_Work item_
Look below for the lines from the one with "Arroz japonês (gohan)" to the one with "昨天,是广州市第十三届成人宣", and copy exactly those lines, both ends included.

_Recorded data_
------------

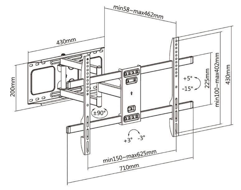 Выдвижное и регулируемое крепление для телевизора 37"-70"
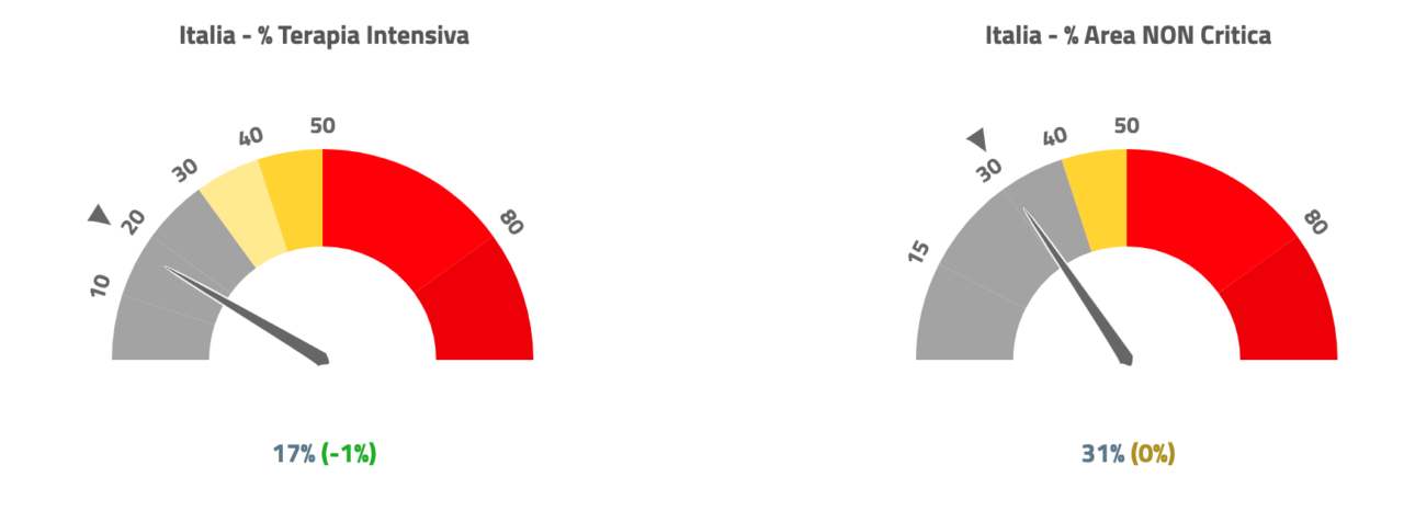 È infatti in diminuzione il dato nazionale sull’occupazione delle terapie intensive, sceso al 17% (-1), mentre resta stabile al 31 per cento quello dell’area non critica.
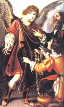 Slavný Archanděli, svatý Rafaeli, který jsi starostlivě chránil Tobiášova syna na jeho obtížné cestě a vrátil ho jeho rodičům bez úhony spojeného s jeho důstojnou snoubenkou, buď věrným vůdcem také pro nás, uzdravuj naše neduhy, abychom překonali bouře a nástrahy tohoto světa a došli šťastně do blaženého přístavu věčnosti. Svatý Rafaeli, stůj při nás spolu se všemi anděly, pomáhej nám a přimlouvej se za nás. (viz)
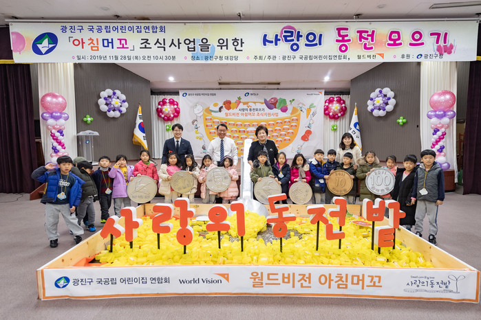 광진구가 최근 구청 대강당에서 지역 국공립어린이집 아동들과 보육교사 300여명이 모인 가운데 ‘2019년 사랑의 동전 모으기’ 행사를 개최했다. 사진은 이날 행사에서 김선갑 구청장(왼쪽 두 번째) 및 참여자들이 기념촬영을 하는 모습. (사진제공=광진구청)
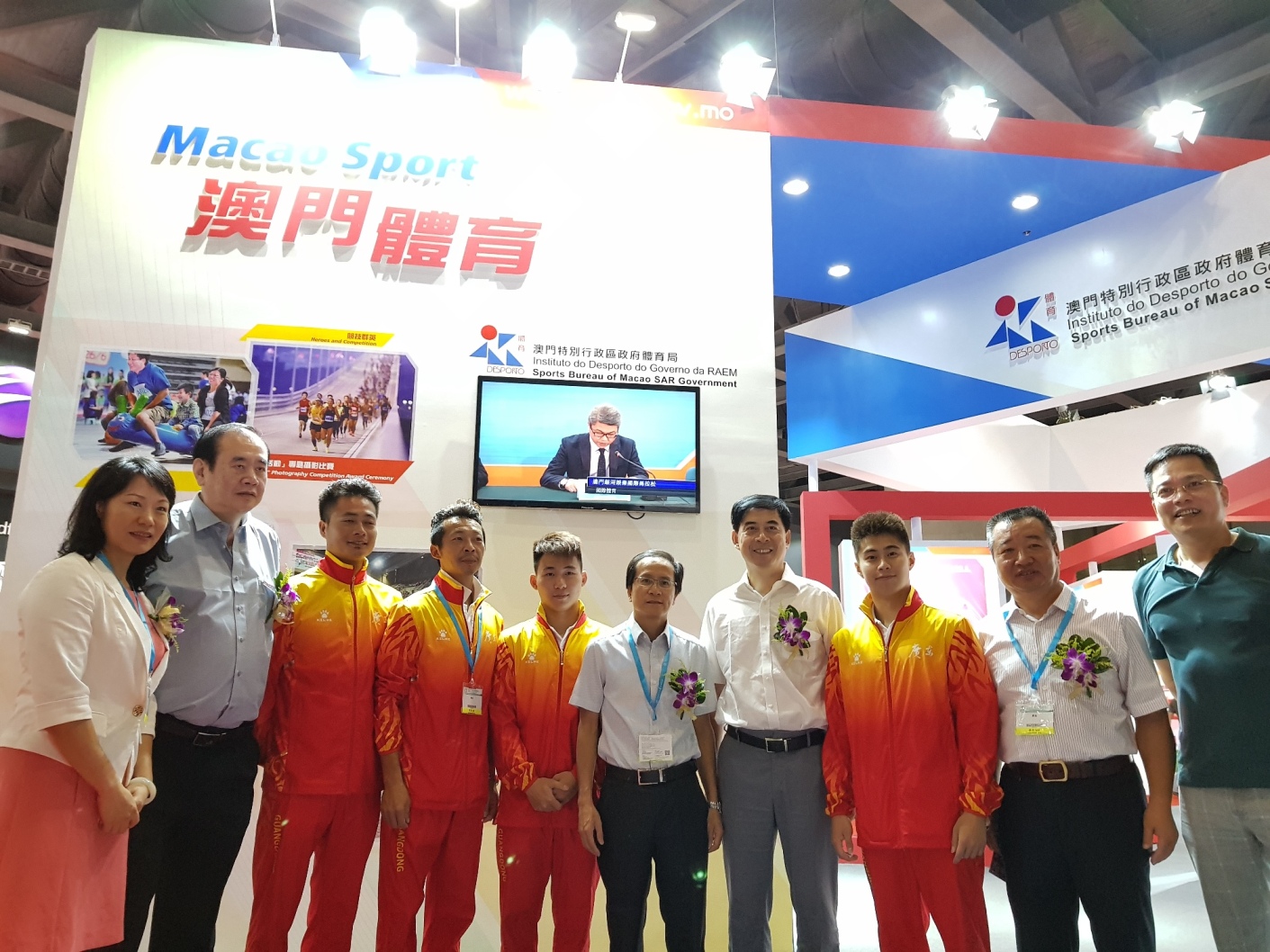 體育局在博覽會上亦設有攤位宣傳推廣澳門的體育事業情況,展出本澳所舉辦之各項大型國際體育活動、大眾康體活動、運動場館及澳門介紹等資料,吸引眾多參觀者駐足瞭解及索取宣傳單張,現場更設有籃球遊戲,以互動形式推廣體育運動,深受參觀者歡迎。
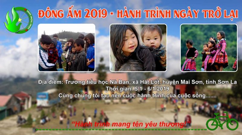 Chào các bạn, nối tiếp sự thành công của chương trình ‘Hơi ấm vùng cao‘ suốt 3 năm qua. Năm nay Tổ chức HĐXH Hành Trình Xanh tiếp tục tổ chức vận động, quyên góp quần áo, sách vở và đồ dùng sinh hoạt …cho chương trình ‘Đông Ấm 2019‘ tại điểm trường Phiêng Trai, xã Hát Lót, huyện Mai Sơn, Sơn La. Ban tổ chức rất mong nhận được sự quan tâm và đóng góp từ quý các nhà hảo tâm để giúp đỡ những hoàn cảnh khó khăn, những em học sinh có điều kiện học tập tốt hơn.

------------

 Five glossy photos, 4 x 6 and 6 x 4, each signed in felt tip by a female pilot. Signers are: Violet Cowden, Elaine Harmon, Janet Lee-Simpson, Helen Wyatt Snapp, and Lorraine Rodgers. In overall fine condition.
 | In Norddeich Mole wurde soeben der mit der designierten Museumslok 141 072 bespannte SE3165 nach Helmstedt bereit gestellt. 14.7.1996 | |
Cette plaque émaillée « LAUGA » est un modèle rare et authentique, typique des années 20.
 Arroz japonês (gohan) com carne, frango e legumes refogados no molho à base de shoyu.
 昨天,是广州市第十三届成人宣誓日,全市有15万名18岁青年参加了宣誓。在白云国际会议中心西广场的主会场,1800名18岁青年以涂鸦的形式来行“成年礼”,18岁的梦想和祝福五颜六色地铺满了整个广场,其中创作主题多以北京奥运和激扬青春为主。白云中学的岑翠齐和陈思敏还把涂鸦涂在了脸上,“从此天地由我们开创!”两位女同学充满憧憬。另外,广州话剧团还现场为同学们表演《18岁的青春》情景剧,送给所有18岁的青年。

------------

_Output of the exercise_
 Arroz japonês (gohan) com carne, frango e legumes refogados no molho à base de shoyu.
 昨天,是广州市第十三届成人宣誓日,全市有15万名18岁青年参加了宣誓。在白云国际会议中心西广场的主会场,1800名18岁青年以涂鸦的形式来行“成年礼”,18岁的梦想和祝福五颜六色地铺满了整个广场,其中创作主题多以北京奥运和激扬青春为主。白云中学的岑翠齐和陈思敏还把涂鸦涂在了脸上,“从此天地由我们开创!”两位女同学充满憧憬。另外,广州话剧团还现场为同学们表演《18岁的青春》情景剧,送给所有18岁的青年。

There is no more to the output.